Schulz's experiences as a single parent in need of quality child care, inspired her to become involved in Ontario's child care movement. Over the next decade, Schulz became a founding member of Action Daycare and a prominent spokesperson for the child care movement. Action Daycare subsequently became the Ontario Coalition for Better Child Care. She spoke at union conventions, community meetings and demonstrations about the need for universal child care in Canada. She was also a key organizier in the fight to unionize Miniskools, a for profit chain that unsuccessfully tried to establish child care services in Ontario. Schulz wrote a regular child care column for Mudpie Magazine and published two articles, one about child care history and one about her experiences as a parent, in the anthology Good Daycare.

== University Education ==

Schulz had been trained as a teacher and a book keeper, but wanted to complete her university education. The provincial government of the day did not allow women on welfare to attend university, and Schulz was told to get training as a hairdresser instead. She and some other single mothers challenged the policy and won.
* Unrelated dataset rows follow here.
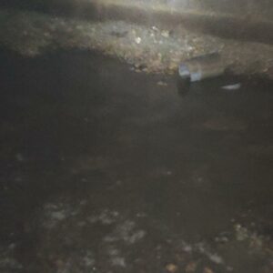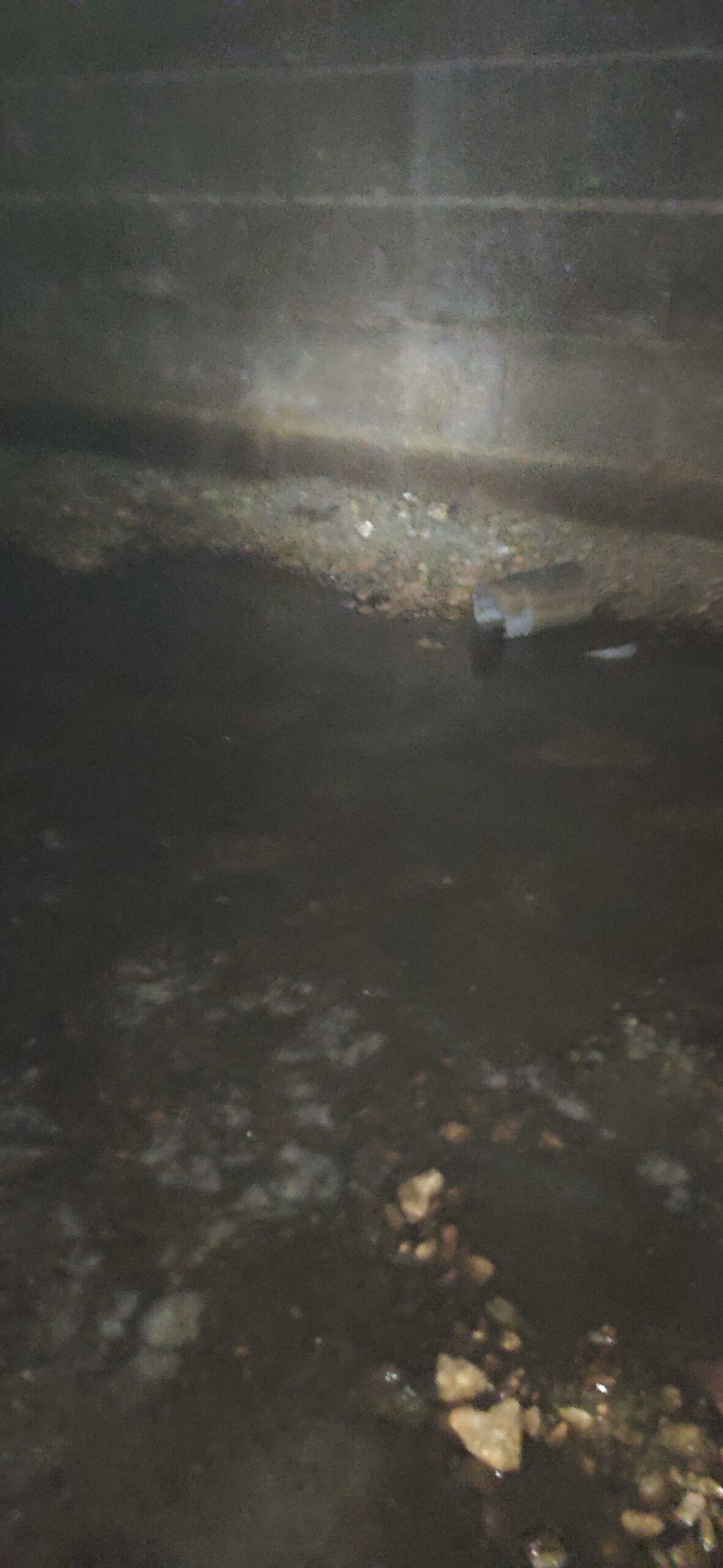 Le tuyau d’évacuation de la maison est cassé et est au sol… La cuisine, salle de bain et wc se rejoignent pour s’écouler sous le garage. A priori le plus gros des eaux vannes est encore dans le tuyau mais il y a des grosses flaques d’eau stagnante à plusieurs endroit, ça grouille de moustiques.Une fois bien équipé (FFP3 à cartouche, bottes, lampe frontale et combi, j’ai fait le tour du vide sanitaire pour comprendre et voir l’étendue des dégâts.
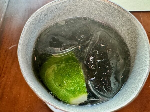 せっかくなので、「シグネチャーカクテル」を何かいただこうと思ったんですが、お聞きしてみると、結構どれも甘めな感じだったので、無難そうなジントニックにしちゃいました。
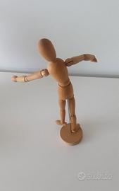 Manichino corpo umano in legno, completamente snodabile, altezza 33 cm.
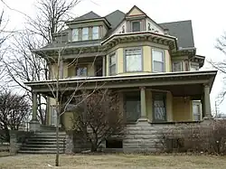 The Henry Weis House is a historic building located in Waterloo, Iowa, United States. Weis was a factory owner that produced egg case fillers, which were used to protect eggs during shipping.[2] He engaged the local architectural firm of Murphy & Ralston to design this house, which was completed in 1902. Architecturally, the two-story frame structure is "transitional" in its design, featuring elements of the Queen Anne and the Colonial Revival styles.[2] The Queen Anne is found in its irregular plan, wraparound porch, full-height bays, small second floor porch, and the small screened porch. The Colonial Revival is found in the Ionic fluted porch columns, and the consoles with a row of dentils located along the cornice. The house also features foliated designs on the gable ends. It remained in the Weis family into the 1930s when it was converted into apartments. It has subsequently been converted into a bed and breakfast. The house was listed on the National Register of Historic Places in 1989.[1]
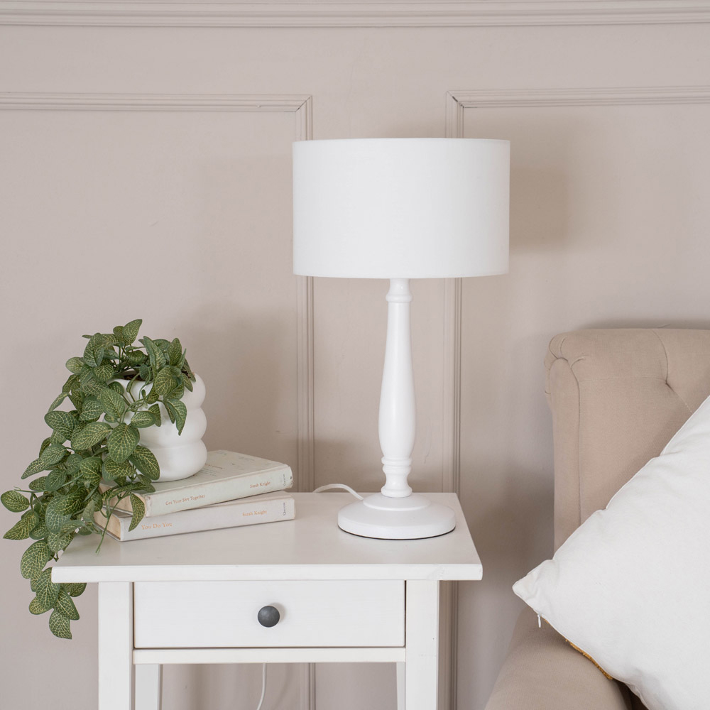 The Victoria candle stick table lamp in white wood is the perfect choice for any home with a traditional interior. Perfect to pair with a white shade for your perfect piece.

Schulz went on to complete her master's degree in Canadian History at York University in 1975. Her thesis, The East York Worker's Association: A Response to the Great Depression, was published by New Hogtown Press the same year. It is one of the few historical accounts of poverty class organizing in Toronto.

== Final Years ==

In 1976, Schulz moved to the Bain Co-op Apartments in Toronto's Riverdale neighbourhood. The last five years of her life were marked by cancer. She spoke in Worth Every Minute about the surgeon who decided to perform a mastectomy on her without ever informing her that she could have had a less invasive lumpectomy instead. Outraged by the way she was treated, she wrote about the lack of weekend emergency care for cancer patients, being in pain for hours without relief, overcrowding, and having to beg for proper care. Her front-page article on June 28, 1980, in theToronto Star highlighted the inhumanity of capitalist medical care.

After Schulz's death, Mudpie columnist Chris Judge wrote a memorial column about Schulz's activism in the child care movement.

Schulz's friends including MPP Peter Tabuns, City Councillor Janet Davis and child care activist Ev McKee worked tirelessly to establish the Pat Schulz Child Care Centre which continues to operate in Toronto's east end.

== Publications ==

- 1974 Patricia Schulz. "Research Guide," in Acton, Janice et al. (eds.), Women at Work: Ontario 1850–1930. Toronto: Canadian Women's Educational Press.
- 1975 Patricia V. Schulz. The East York Workers' Association: A Response to the Great Depression. Toronto: New Hogtown Press.
- 1978 P. Schulz. "Daycare in Canada: 1860-1962," in K. Gallagher-Ross (ed.), Good Daycare. Toronto: Women's Educational Press.
- 1978 P. Schulz. “With a Little Help from Our Friends.” in K. Gallagher-Ross (ed.), Good Daycare. Toronto: Women's Educational Press.